## Supplied information:
# # # # #

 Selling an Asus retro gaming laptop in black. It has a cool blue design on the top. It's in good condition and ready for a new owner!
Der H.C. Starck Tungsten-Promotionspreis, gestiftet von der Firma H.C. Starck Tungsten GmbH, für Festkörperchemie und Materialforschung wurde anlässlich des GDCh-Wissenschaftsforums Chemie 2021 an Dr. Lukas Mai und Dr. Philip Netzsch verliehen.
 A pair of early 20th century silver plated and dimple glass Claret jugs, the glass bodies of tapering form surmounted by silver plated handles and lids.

# # # # #

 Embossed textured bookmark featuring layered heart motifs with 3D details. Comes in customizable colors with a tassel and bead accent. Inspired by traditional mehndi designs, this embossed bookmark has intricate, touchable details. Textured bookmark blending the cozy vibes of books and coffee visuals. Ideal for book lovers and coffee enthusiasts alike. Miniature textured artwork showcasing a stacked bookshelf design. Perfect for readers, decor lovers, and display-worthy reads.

# # # # #

## Task objective:
Set down precisely the lines above between the line holding "Selling an Asus" and the line holding "A pair of early", inclusive, and nothing beyond them.

## Reply to the task:
 Selling an Asus retro gaming laptop in black. It has a cool blue design on the top. It's in good condition and ready for a new owner!
Der H.C. Starck Tungsten-Promotionspreis, gestiftet von der Firma H.C. Starck Tungsten GmbH, für Festkörperchemie und Materialforschung wurde anlässlich des GDCh-Wissenschaftsforums Chemie 2021 an Dr. Lukas Mai und Dr. Philip Netzsch verliehen.
 A pair of early 20th century silver plated and dimple glass Claret jugs, the glass bodies of tapering form surmounted by silver plated handles and lids.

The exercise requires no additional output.